Random Forest Classifier is an ensemble learning algorithm which means that several simpler algorithms, Decision Tree Classifier, in this case are used to build the model. Generally Random Forest Classifiers are used for larger and complex datasets. Unlike in Decision Tree Classifier, here every tree has to work with a random subset of features rather than working with the complete set of features. This is done to avoid Overfitting.

In [None]:
# Training model
rfc = RandomForestClassifier(n_estimators = 50, max_depth = 3)
rfc.fit(X_train, y_train)
# Training report
print(classification_report(y_train, rfc.predict(X_train), target_names = class_names))

## 1. Confusion Matrix

In [None]:
cm_Heatmap(y_test, rfc.predict(X_test), class_names)

## 2. Classification Report

In [None]:
print(classification_report(y_test, rfc.predict(X_test), target_names = class_names))

## 3. AUC-ROC Curve

In [None]:
AUC_ROC(rfc, X_train, X_test, y_train, y_test)

## 4. Results (on Test data)

- __Sensitivity__: $97\%$
- __Specificity__: $92\%$
- __AUC ROC__: $0.972$

# Naive Bayes Classifier

This is a Bayesian approach of classification. At we we have to assign certain probabilities to individual classes called the __prior probabilities__ and using the training data, we have to update these probabilities to obtain the __posterior probability__ distribution. Using this probability distribution we can classify a new observation.

In [None]:
# Training model
nbc = GaussianNB(priors = np.array([0.5, 0.5]))
nbc.fit(X_train, y_train)
# Training report
print(classification_report(y_train, nbc.predict(X_train), target_names = class_names))

## 1. Confusion Matrix

In [None]:
cm_Heatmap(y_test, nbc.predict(X_test), class_names)

## 2. Classification Report

In [None]:
print(classification_report(y_test, nbc.predict(X_test), target_names = class_names))

## 3. AUC-ROC Curve

In [None]:
AUC_ROC(nbc, X_train, X_test, y_train, y_test)

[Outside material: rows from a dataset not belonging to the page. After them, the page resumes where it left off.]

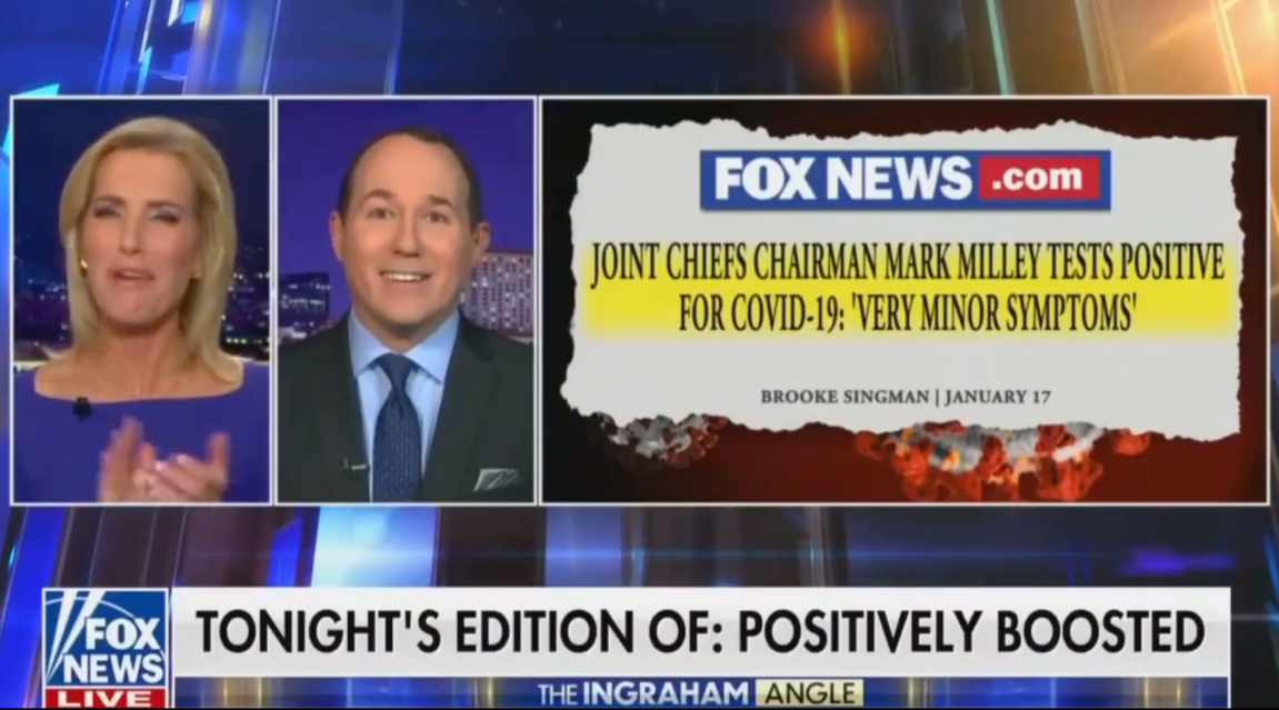 Fox News’ Laura Ingraham appears delighted that Gen. Mark Milley has COVID-19
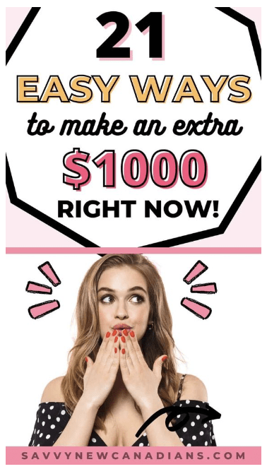 You can also see one of my Pin templates used by my friend, Enoch from Savvy New Canadians. He made quick tweaks to the general pre-made template to target his personal finance audience and named his title “21 Easy Ways To Make An Extra $1,000 Right Now”.
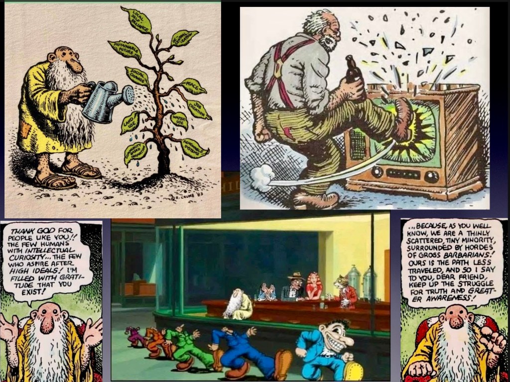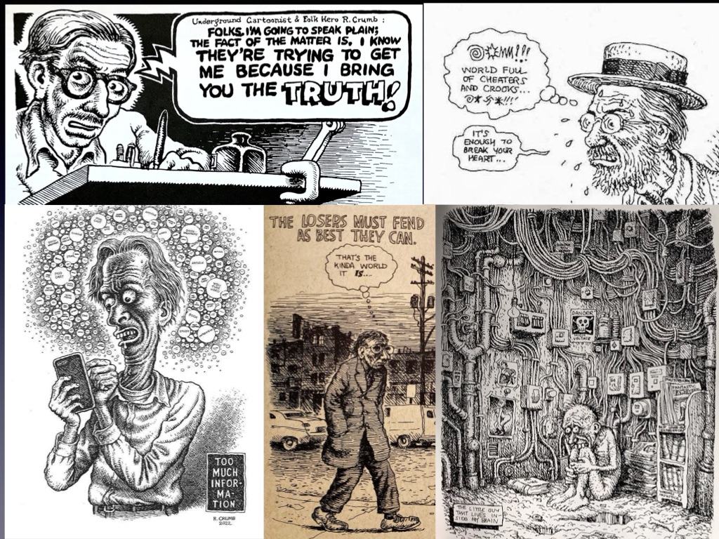 As someone who has written millions of words about those issues, I’m here to say that Crumb is an ink-slinging Paul Revere when it comes to sounding the alarm and trying to Save Us From Ourselves.
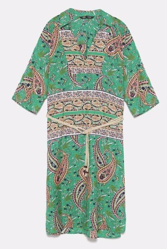 Платье с принтом «Пейсли» с поясом ZARA новое без бумажной бирки 🏷 и замечаний 👍Zara Платье-кафтан/комбинация, ЗЕЛЕНЫЙ с принтом «Пейсли», V-образный вырез, воротник размер указан L Ориентируйтесь на дополнительные детали замеров: плечи не обозначены ( любые) по дизайну свободны, по подмышкам 64см, ПОГ 62см, длина рукава от горловины 54см, длина изделия 116см, 💯 % полиэстер лёгкая, струящаяся приятная к телу и тактильно ткань
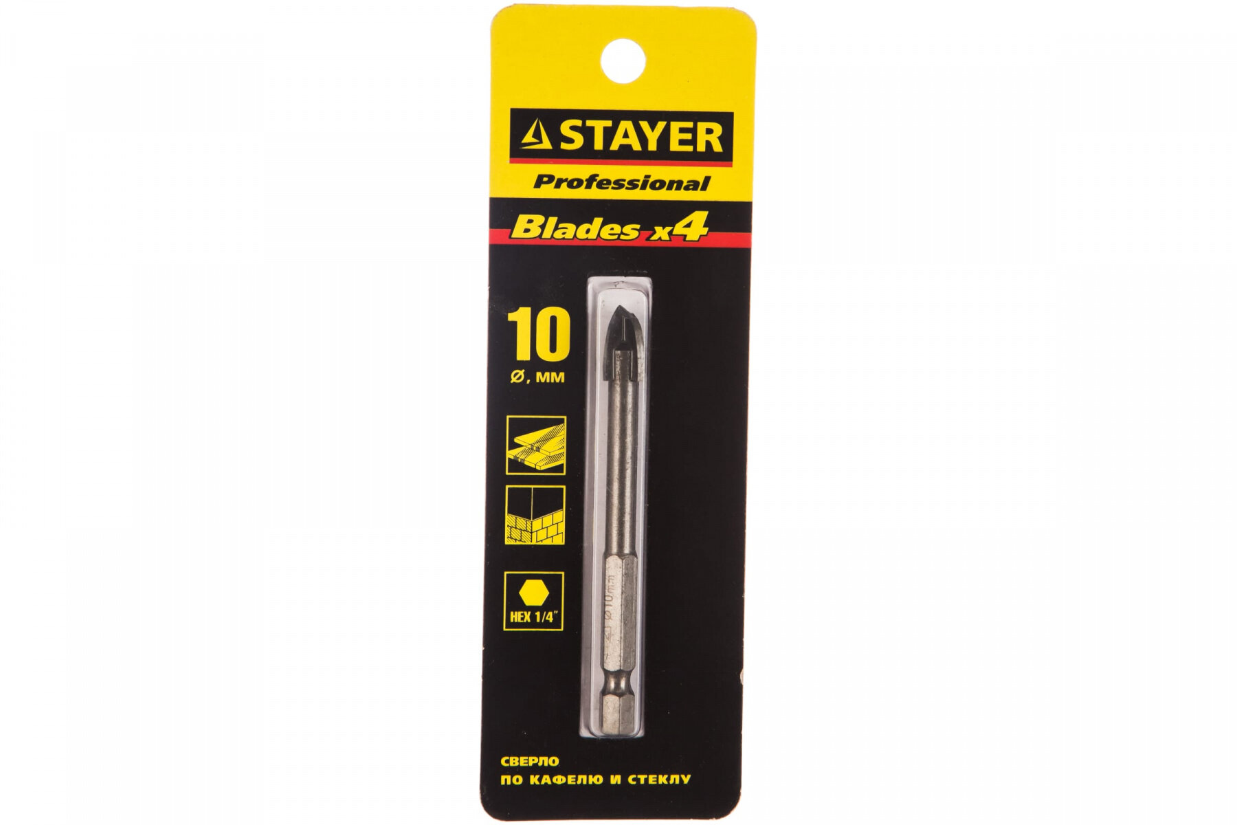 Диаметр: 10 мм Тип резца: 4-х резцовый Хвостовик: Шестигранный с проточкой хвостовика 1/4" Длина сверла: 85 мм Сверла по кафелю и стеклу STAYER серии PROFESSIONAL - надежный и проверенный инструмент высокого качества. Сверла предназначены для сверления отверстий в стекле, керамической и кафельной плитке.
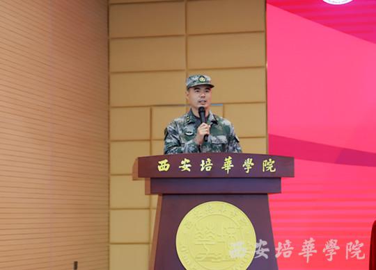 西安培华学院党委学工部部长、学生服务中心主任、团委书记蔡亮代表学校向承训部队的全体官兵表示了热烈的欢迎和衷心的感谢。他讲到,本次军训对于官兵而言,是人生导师的美好经历,师者仁心、师者示范。对于受训新生,是一次军旅生涯的切身体验,军风严整、军纪威严。对于辅导员、学长教官、班级学长,是一次近距离观摩、认真学习的重要机会,务必珍惜,加强沟通。他强调,要按照“军训训练大纲”标准开展训练,明确目标、强化纪律;要统筹做好疫情防控和军训工作,疫情防控、安全第一;要要大力传承红色基因,营造氛围、宣传到位;要做好舆情管控、切实有效;让新生在军训中,磨练意志、增长本领、拓展视野、塑造灵魂,让新生在军训中学到军人气魄,塑造军人品格、传承军人使命,为即将到来的大学生活打好基础、开好局。
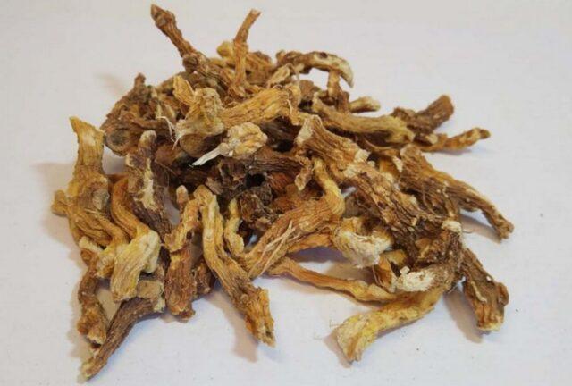 - ρίχνουμε μια μικρή κουταλιά σκόνης από τις ξηρές ρίζες του φυτού.

## 4. Results (on Test data)

- __Sensitivity__: $100\%$
- __Specificity__: $90\%$
- __AUC ROC__: $0.985$

# Support Vector Machines

SVMs are based on the idea of finding a hyperplane which separates the data. Hyperplane is a general term for a __line__ in 2-D space or a __plane__ in 3-D space

In [None]:
svmc = SVC(probability = True)
# Training the Model
svmc.fit(X_train, y_train)
# Training Report
print(classification_report(y_train, svmc.predict(X_train), target_names = class_names))

## 1. Confusion Matrix

In [None]:
cm_Heatmap(y_test, svmc.predict(X_test), class_names)

## 2. Classification Report

In [None]:
print(classification_report(y_test, svmc.predict(X_test), target_names = class_names))

## 3. AUC-ROC Curve

In [None]:
AUC_ROC(svmc, X_train, X_test, y_train, y_test)

## 4. Results (on Test data)

- __Sensitivity__: $100\%$
- __Specificity__: $90\%$
- __AUC ROC__: $0.971$

# Conclusion

| Model Name               | Sensitivity | Specificity | AUC ROC |
| ------------------------ | ----------- | ----------- | ------- |
| Logistic Regression      | $77\%$      | $98\%$      | $0.973$ |
| k-Nearest Neighbors      | $93\%$      | $92\%$      | $0.973$ |
| Decision Tree Classifier | $87\%$      | $92\%$      | $0.918$ |
| Random Forest Classifier | $97\%$      | $92\%$      | $0.972$ |
| Naive Bayes              | $100\%$     | $90\%$      | $0.985$ |
| Support Vector Machines  | $100\%$     | $90\%$      | $0.971$ |

- It seems that Naive Bayes classifier is the optimum model for this dataset, with the highest AUC ROC value.
- When detection of Not-Purchased is more important, the Logistic Regression is the best, with the highest Specificity.